Other people's agendas

I have only really got around to catching up with by now infamous Independent newspaper interview with Nick Clegg in which, according to their headline he suggested that there is no future for the Liberal Democrats as left-wing rivals to Labour. Many commentators have taken this as moving the party to the right, but not only is this not the case but the journalist spin misrepresents what the Liberal Democrat leader actually said.

In fact Clegg's actual words were "There were some people, particularly around the height of the Iraq war, who gave up on the Labour Party and turned to the Liberal Democrats as a sort of left-wing conscience of the Labour Party.

"I totally understand that some of these people are not happy with what the Lib Dems are doing in coalition with the Conservatives. The Lib Dems never were and aren't a receptacle for left-wing dissatisfaction with the Labour Party. There is no future for that; there never was."

That is a fairly explicit assertion that we are a party in our own right with a distinctive philosophy and policies rather than just a receptacle of protest votes. Clegg tells the paper that "this [conference] is an incredibly important opportunity for those Liberal Democrats who are in government to show people in the party that they retain the same values, instincts and ambitions – that walking through the door of power does not mean you lose your soul."

Admitting the looming spending cuts were overshadowing the Government's other work, the Deputy Prime Minister said: "If anything, we are doing the most difficult things now, partly because everything is so obscured by the bad, worrying news about deficit reduction. Rather than it getting worse, maybe over time – after very, very difficult decisions on public spending – the wider purpose and vocation of the Government will become more obvious."

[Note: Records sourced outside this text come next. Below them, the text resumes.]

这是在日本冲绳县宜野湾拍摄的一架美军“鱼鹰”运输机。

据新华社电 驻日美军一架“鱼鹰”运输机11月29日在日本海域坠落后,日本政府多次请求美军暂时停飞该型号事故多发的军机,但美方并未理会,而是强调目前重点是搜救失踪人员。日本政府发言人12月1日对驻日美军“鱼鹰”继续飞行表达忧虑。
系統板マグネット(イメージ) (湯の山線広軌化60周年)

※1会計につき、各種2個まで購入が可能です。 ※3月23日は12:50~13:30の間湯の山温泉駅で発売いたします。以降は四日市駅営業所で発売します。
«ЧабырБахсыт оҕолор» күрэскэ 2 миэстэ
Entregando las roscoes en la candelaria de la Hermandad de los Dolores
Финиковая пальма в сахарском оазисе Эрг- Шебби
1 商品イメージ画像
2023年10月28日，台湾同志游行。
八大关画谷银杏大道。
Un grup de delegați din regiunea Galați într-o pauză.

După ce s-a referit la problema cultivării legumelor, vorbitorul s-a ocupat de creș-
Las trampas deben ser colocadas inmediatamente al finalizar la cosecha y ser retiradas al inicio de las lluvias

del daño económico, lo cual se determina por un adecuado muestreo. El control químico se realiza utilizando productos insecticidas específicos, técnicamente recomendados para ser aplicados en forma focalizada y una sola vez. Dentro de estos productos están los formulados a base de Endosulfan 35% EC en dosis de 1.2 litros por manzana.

He pledged that one of the most radical programmes of any government for a "long, long time" would achieve more on political reform, civil liberties and protecting pensioners than Labour did in 13 years, combined with "an impeccably Liberal approach" to the NHS, education and welfare reform. "This is not some arbitrary menu of rushed proposals cobbled together. They reflect, right across the piece, big, long-standing Liberal aspirations."

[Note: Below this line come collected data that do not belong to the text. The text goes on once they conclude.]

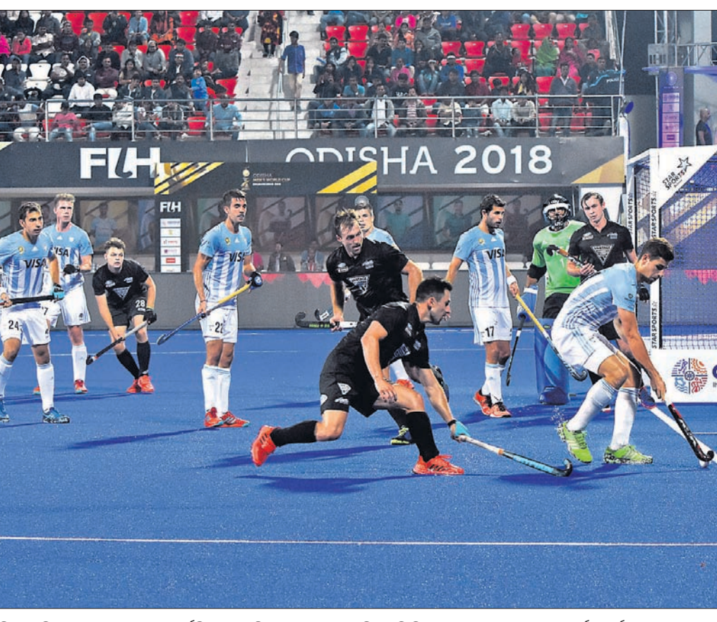
କଳିଙ୍ଗ ଷ୍ଟାଡ଼ିୟମରେ ଯୋଗଦାନ ଆର୍ଜେଣ୍ଟିନା ଓ ୟୁକ୍ରିଆଣ ପକ୍ଷରେ ଅନୁଷ୍ଠିତ ହକି ବିଶ୍ୱକପ ମ୍ୟାଚର ଏକ ଉତ୍ତମପୂର୍ଣ୍ଣ ପୂର୍ଣ୍ଣ।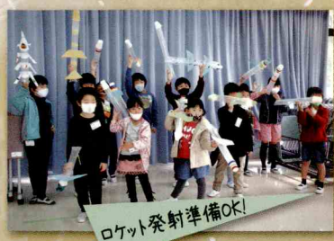
ロケット発射準備OK!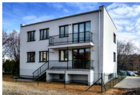
Novostavba se 3 byty, Bílovice n. Svitavou

KONCERN E-FINANCE, A.S. JE INVESTIČNÍ REALITNÍ SKUPINOU PŮSOBÍCÍ NA ČESKÉM TRHU JIŽ OD ROKU 2001. PORTFOLIO DOKONČENÝCH A PRONAJÍMANÝCH NEMOVITOSTÍ SKUPINY E-FINANCE, A.S. DLE ZNALECKÝCH POSUDKŮ JIŽ PŘESAHUJE HODNOTU 1,6 MILIARD KORUN. HODNOTA VŠECH REALITNÍCH PROJEKTŮ VČETNĚ TĚCH, KTERÉ JSOU V PŘÍPRAVĚ A VÝSTAVBĚ, PŘESAHUJE HODNOTU 2,2 MILIARDY KORUN.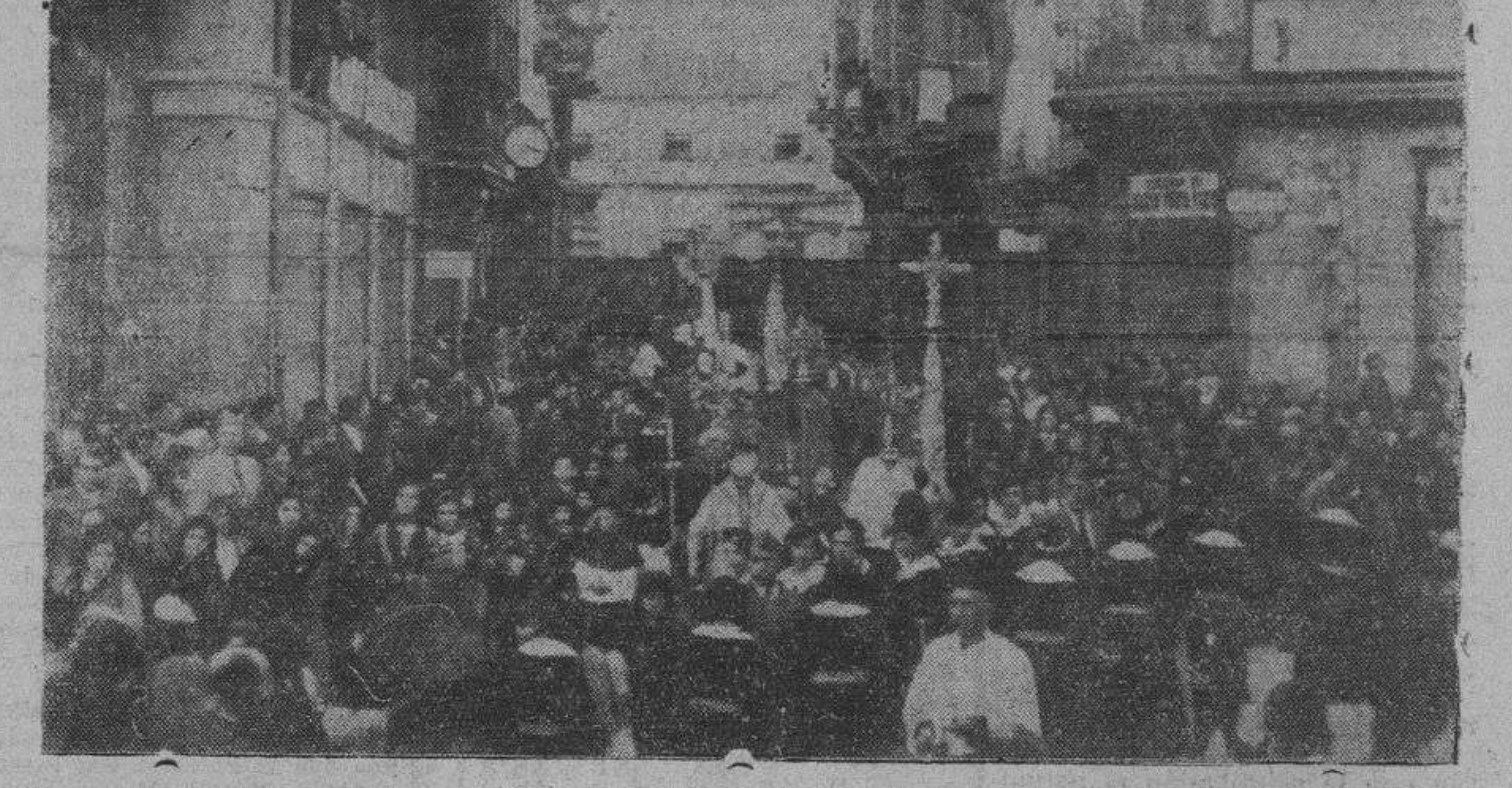
Un aspecto de la procesion de la Santísima Virgen del Tránsito

de la Catedral la venerada y zamorana imagen de la Santísima Virgen del Tránsito, nuestra patrona amada, para ser trasladada a su iglesia. No hay pluma ni cabeza capaz de describir acto tan sublime, impresionante y grandioso, en el que tomó parte Zamora en pleno. Los enfermos que no pudieron abandonar el lecho del dolor, si no salieron a la calle a formar parte de la humana avalancha que se apiñaba por todas partes para alabar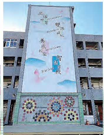
陶板畫裝置於學校牆面 增添校園美感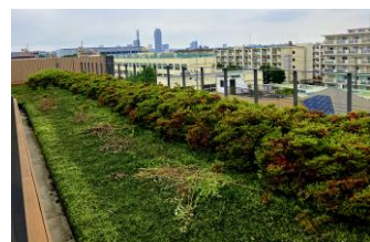
▲フェンスの先にある緑化コーナー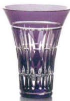
LS19600SP-C528 杯 (格子柄) ¥6,000 12コ入 (1×12) ☐ φ72×H92・M72 110ml (92×92×113) 49 06678 139355 ●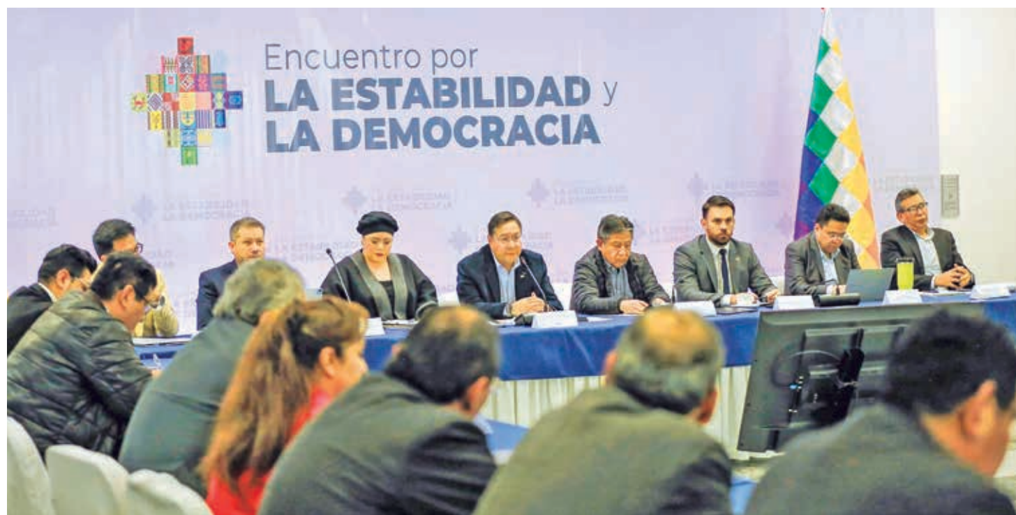
El presidente Luis Arce junto a los ministros y asistentes al "Encuentro por la estabilidad y la democracia", en La Paz, ayer.

MAS. Andrónico Rodríguez no acudió a la convocatoria. Pág. 4

The paper is right in surmising that for the time being we are resigned to the left wing refuseniks deserting us. I suppose that is inevitable. However, I am confident that in the long term the most reasonable amongst these voters will understand that we are doing what needs to be done to stabilise the economy and government and that we have moderated the worst excesses of the Tory right.

The whole Independent article is based on the premise that British politics is polarised between left and right and that the Liberal Democrats have carved out a niché for themselves from the dissatisfied centre of each wing. I do not accept that.

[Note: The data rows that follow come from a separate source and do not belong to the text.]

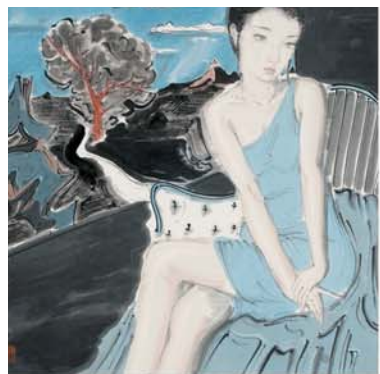
《碧天青云》 68.5cm x 68.5cm

山东有线出品的电视专题美术片《时代美术》已在省内各地市导视频道陆续播出,省导视0号频道播出时间为23:00,各地市导视频道播出时间为15:00/22:30。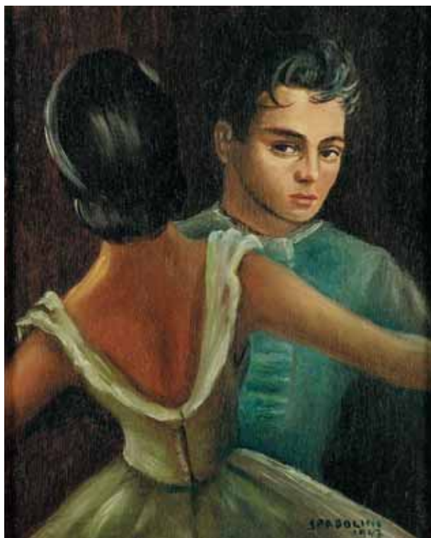
Sopra: “Duilio, la première leçon de danse”, Spadolini 1947, olio su tela cm. 28 x 35 (Coll. P. Oger)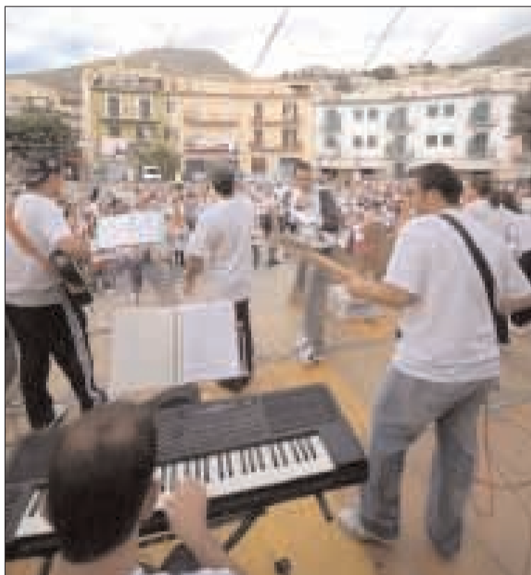
C'è spazio per la musica

L'inizio del nuovo cammino annuale, uno dei momenti più forti dell'anno, un'occasione di aggregazione e di divertimento, la manifestazione che unisce le singole parrocchie che fanno la diocesi come comunità di persone unite da un unico credo e un unico spirito: questo e tanto altro è la festa del ciao big. La festa organizzata dall'equipe diocesana è destinata a tutti i ragazzi dell'acr dai 5 ai 14 anni e si svolge ogni anno in una piazza diversa della diocesi per coinvolgere a turno tutte le località del territorio. Per il 2009-2010 è stata scelta Formia, in particolare piazza Sant'Erasmus e l'intero rione coinvolgendo l'omonima parrocchia e la comunità di Santa Teresa - Madonna del Carmine. L'evento quest'anno è stato ideato e organizzato grazie ad una collaborazione diretta con i responsabili e gli educatori delle parrocchie della forania di Formia che si sono messi in gioco e hanno speso il loro tempo e la loro fantasia per il bene dei ragazzi. Un risultato strepitoso per un numero di circa 550 ragazzi e 130 educatori che si sono ritrovati domenica 25 ottobre presso la chiesa della Madonna del Carmine per il saluto iniziale dell'Arcivescovo Mons. Fabio Bernardo D'Onorio e la santa messa celebrata dagli assistenti diocesani dell'acr Don Antonio Guglietta e Don Giuseppe Di Mario. Una chiesa gremita di ragazzi che hanno condiviso la parola del Signore, hanno cantato

In my view the actual dividing line in British politics is between libertarian and authoritarian. Previous opinion polls have shown that if people believe that the Liberal Democrats can exercise real influence then nearly half of the electorate will vote for us. We have hopefully breached that credibility gap. What we need to do now is to convince voters that we are maintaining our liberal principles in government, that we have the best interests of the country at heart.

All of that is enshrined in the coalition agreement. The job of Liberal Democrat ministers now is to deliver on it and to sell our successes to the country.